In most Greenland ice-core records observed BC deposition peaks around 1910 and then decreases toward 2000 (Fig. 2). At ACT2, D4 and Summit, post-1950 fluxes are about 25% of early 20th century values, with no prominent later increases. The timing of the early 20th century BC deposition maximum in Greenland ice cores is much better captured by our model when using CMIP5 rather than CMIP6 emissions, suggesting that early 20th century BC emissions from North America are incorrectly represented in the CMIP6 inventory. In contrast to Greenland, the Akademii Nauk and Holtedahlfonna ice cores (Eurasian Arctic) and the Mt Elbrus core show rising BC deposition in the late 20th century, peaking in the 1970s on Mt Elbrus and the 1980s at Akademii Nauk and Holtedahlfonna. This is consistent with continuous increases in continental BC emissions at lower latitudes in Russia and Central, East and South (CES) Asia, documented in both the CMIP5 and CMIP6 inventories, and which only ended in the 1980s (Fig. S1). Increasing BC deposition through the late 20th century is also documented in lake sediments from north-western Arctic Russia. This was attributed in part to growing BC emissions from natural gas flaring in the mainland Russian Arctic¹⁴ which is an important source region for Akademii Nauk and Holtedahlfonna (Fig. 1). Greenland ice core records (ACT2, Summit, D4 and Tunu) have comparatively low BC deposition fluxes in the late 20th century, suggesting that the 1980s maximum in the Akademii Nauk and Holtedahlfonna ice cores is mostly due to BC emissions from the former Soviet Union, which dropped in the 1980s because of the economic collapse and political disintegration. The temporal evolution of BC emissions in the former Soviet Union is likely better represented in the CMIP6 than the CMIP5 inventories, since there is a better agreement between the modeled and measured BC deposition fluxes in the second half of the 20th century at Akademii Nauk, Holtedahlfonna and Mt. Elbrus (Fig. 2) when using the CMIP6 data.

Inversion results

The fact that different ice-core sites are sensitive to BC emissions from different source regions (Fig. 1) provides an opportunity to use inverse modelling for constraining historical emissions with the ice-core records. This approach requires the use of so-called a priori emissions, for which we use the average of CMIP5 and CMIP6 inventories, combined with BC emission data from biomass burning (BB⁴³; for emission variation see supplementary data Fig. S1). We then applied a Bayesian inversion algorithm (Methods) to the decadally-averaged ice-core records of BC deposition from 1850 to 2000 to determine optimized a posteriori BC emissions in four source regions (North America, Europe, Russia and the CES Asia; Fig. 3d, inset). A potential problem with this approach is that model biases or inaccuracies in the ice-core records (e.g., age model, post-depositional snow scouring by wind or melt water percolation) can be imprinted on the emissions retrieved by the inversion. To bypass this problem, we scaled the modeled BC deposition fluxes for each ice core to the observed values of the last decade (Supplementary Data Fig. S2), on the assumption that the a priori emissions are most reliable during that period, and that model and observational biases and the representativity of the sites did not change with time. This emphasizes temporal variability and removes uncertainties associated with absolute BC concentrations measured using different methods. Sensitivity studies without scaling the model results to observations, show that European emissions are unrealistically low, while the other emissions are unaffected (Supplementary Data Fig. S9).

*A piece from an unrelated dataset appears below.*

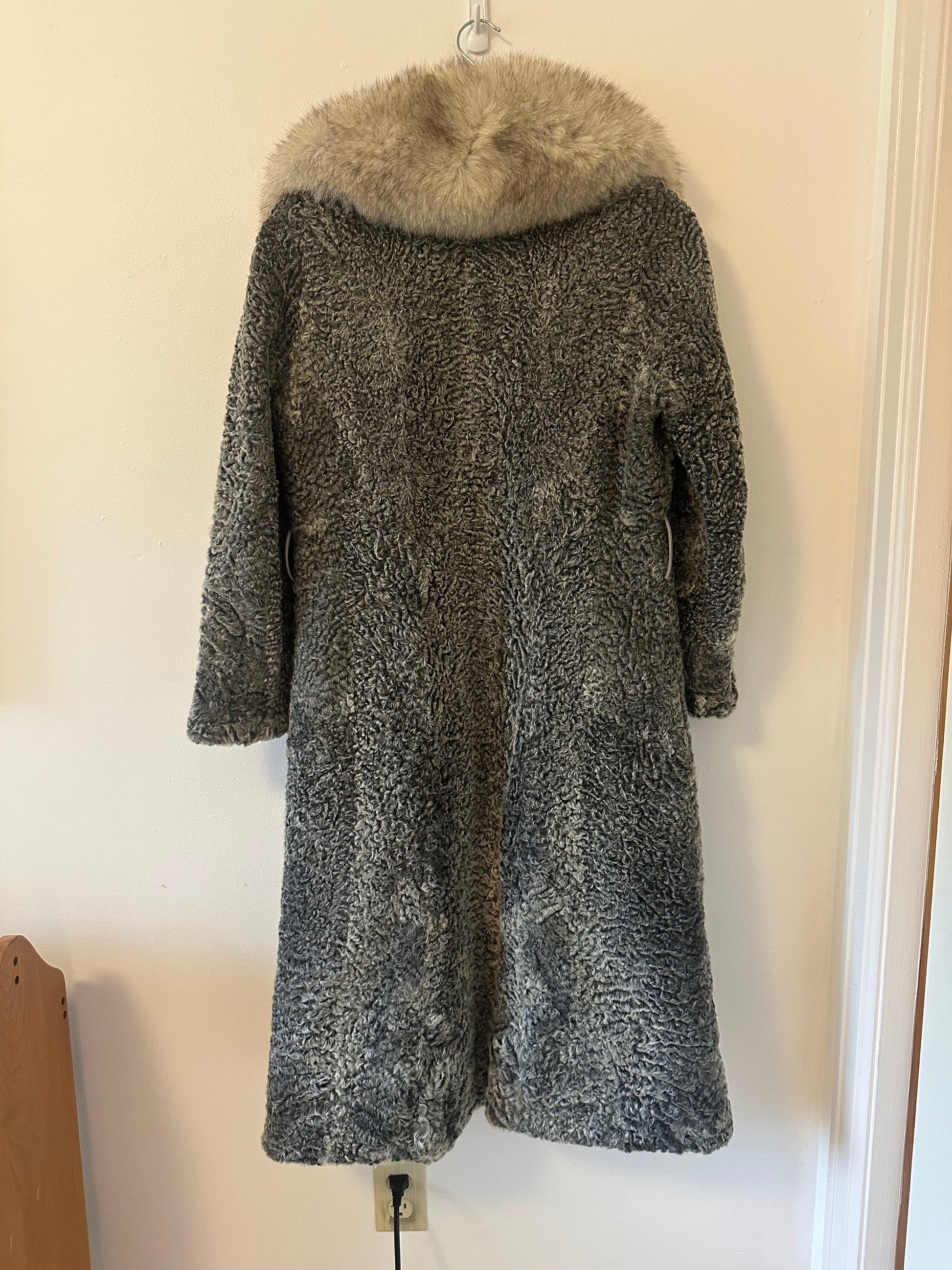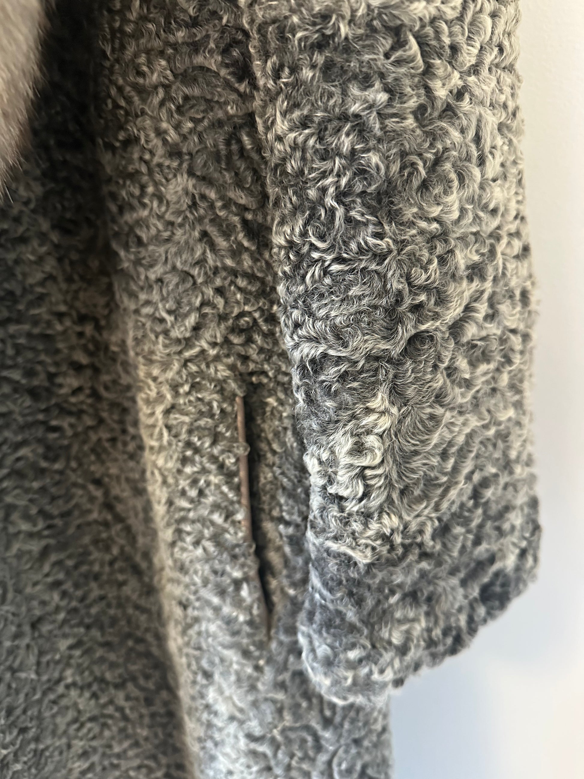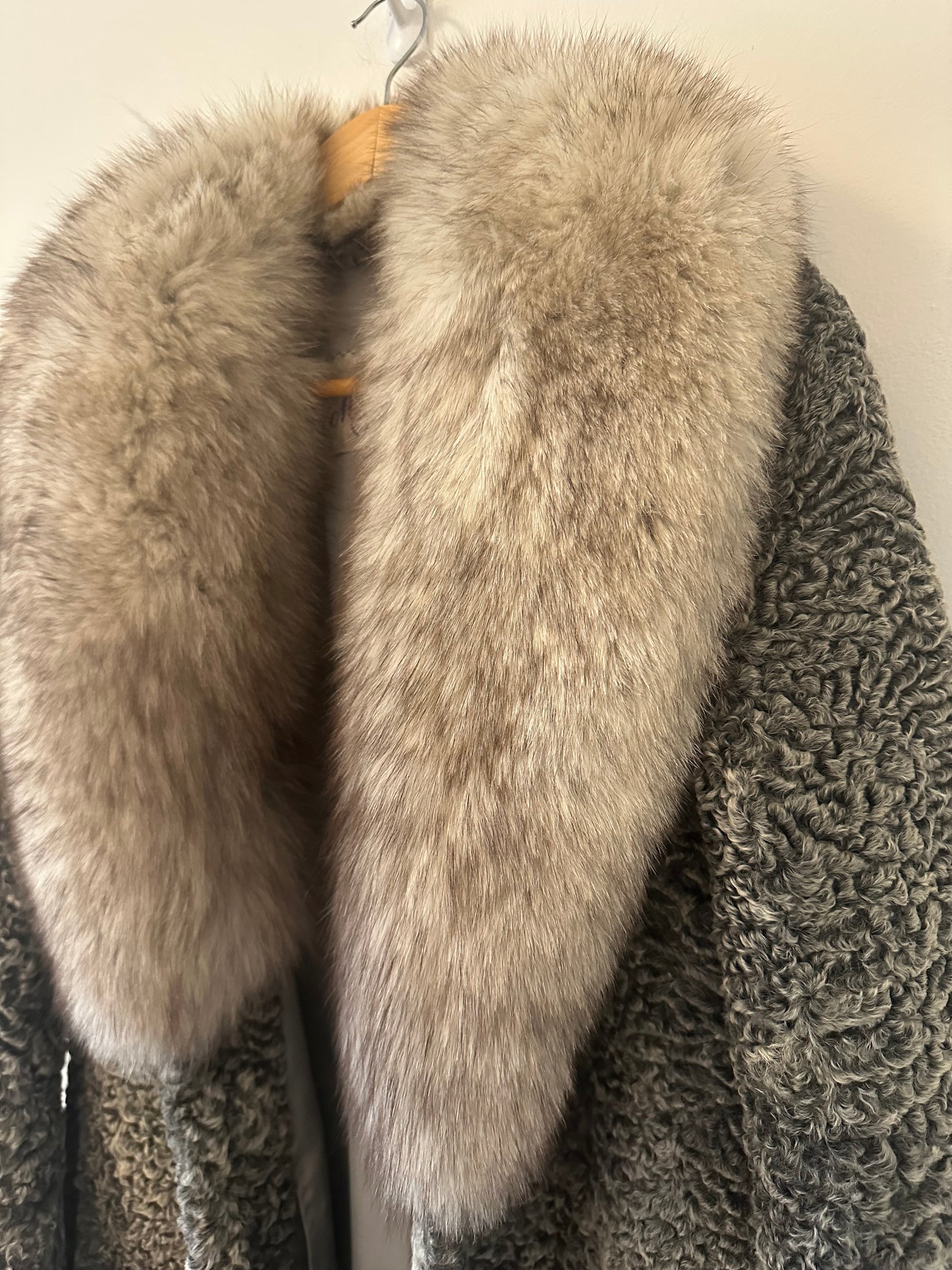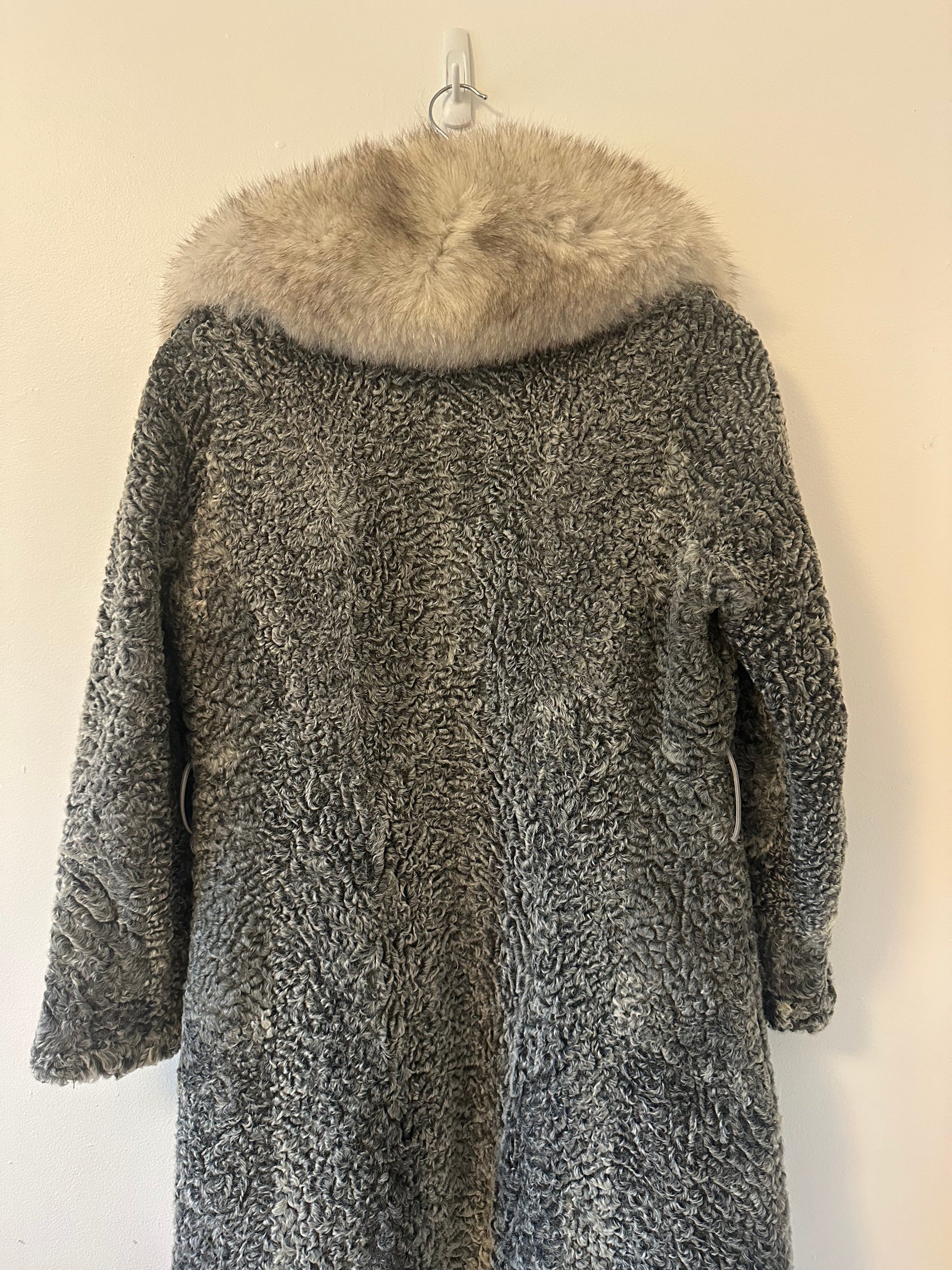 Vintage Gray Lamb and Mink Fur Women's Coat

Fig. 3: Black carbon emission history obtained from the inversion.

A priori (thick black line) and a posteriori (shaded areas) emissions north of 30 °N for the different regions (a–d). CMIP5 and CMIP6 emissions (both including the same biomass burning emissions) are shown with dark and light gray lines, respectively. The regions for which the emissions are optimized are shown as an inset in (d) and reflect the colors used in (a–d).

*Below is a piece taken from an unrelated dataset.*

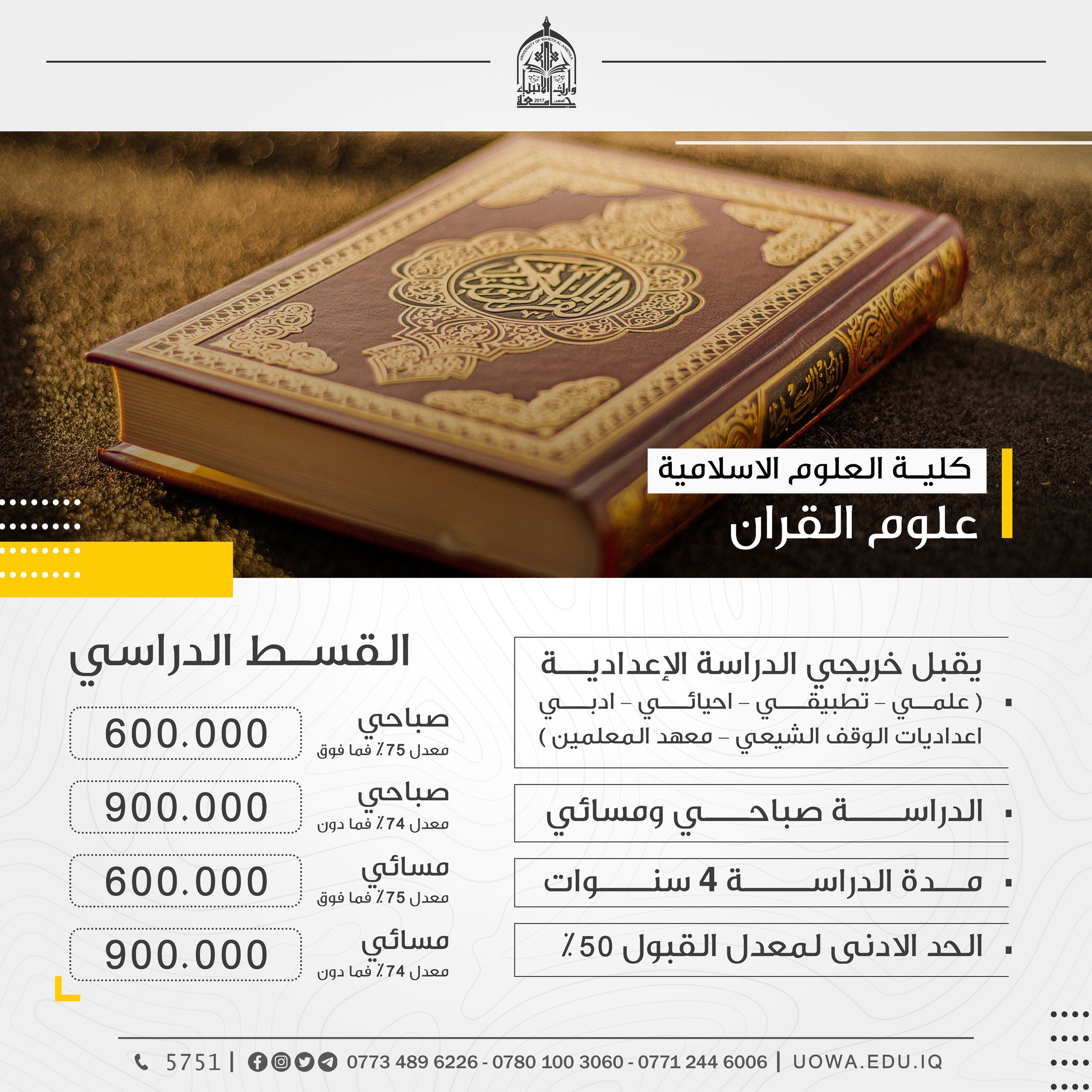 سارعوا بالتسجيل لكي لاتفوتوا فرصة الدراسة الاكاديمية في كليات واقسام جامعة وارث الانبياء(عليه السلام)

The largest change between a priori (inventory-based) and a posteriori (updated after the inversion) BC emissions is an increase of the emissions in North America from 1880 to 1920 (Fig. 3a). Inverse modelling suggests that BC emissions there peaked higher and earlier (in the 1900s) than reported in CMIP emission inventories. Following this peak, a posteriori emissions drop rapidly to a minimum during the Great Depression of the 1930s⁴⁴ when they reach about one third of their 1900s maximum. This rapid drop in emissions is also absent in the CMIP inventories. Modeled emissions in the second half of the 20th century are more consistent with the inventories. Sensitivity tests showed that the results obtained for North America are robust against changes in the inversion setup (Supplementary Data Figs. S9 and S10).

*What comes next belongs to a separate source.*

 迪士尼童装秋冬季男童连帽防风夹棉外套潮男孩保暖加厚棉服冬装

For Europe, the inversion decreases the a priori emissions over the whole period, with the exception of the late 20th century, when the emissions are nearly unchanged (Fig. 3b). The largest difference is that the a priori emissions start to decrease in the early 1970s, whereas the a posteriori emissions remain stable until the late 1980s, and then decline. For Russia, the modeled a posteriori emissions are substantially lower than those in the CMIP inventories from about 1900 to 1950 (Fig. 3c). The largest difference is in the 1910s, when posterior emissions are up to 65% lower. It seems plausible that Russian BC emissions decreased during this time, a consequence of the turmoils of the October Revolution and World War I, which caused the economy to collapse^45,46. The early 20th century drop in a posteriori Russian BC emissions is entirely absent in the CMIP5 and CMIP6 emission inventories, which show a continuous increase of BC emissions in Russia, with little variability. Before 1900 and after 1950, a priori and a posteriori BC emissions are essentially identical, and clearly show the steep decline in Russian BC emissions during the 1980s.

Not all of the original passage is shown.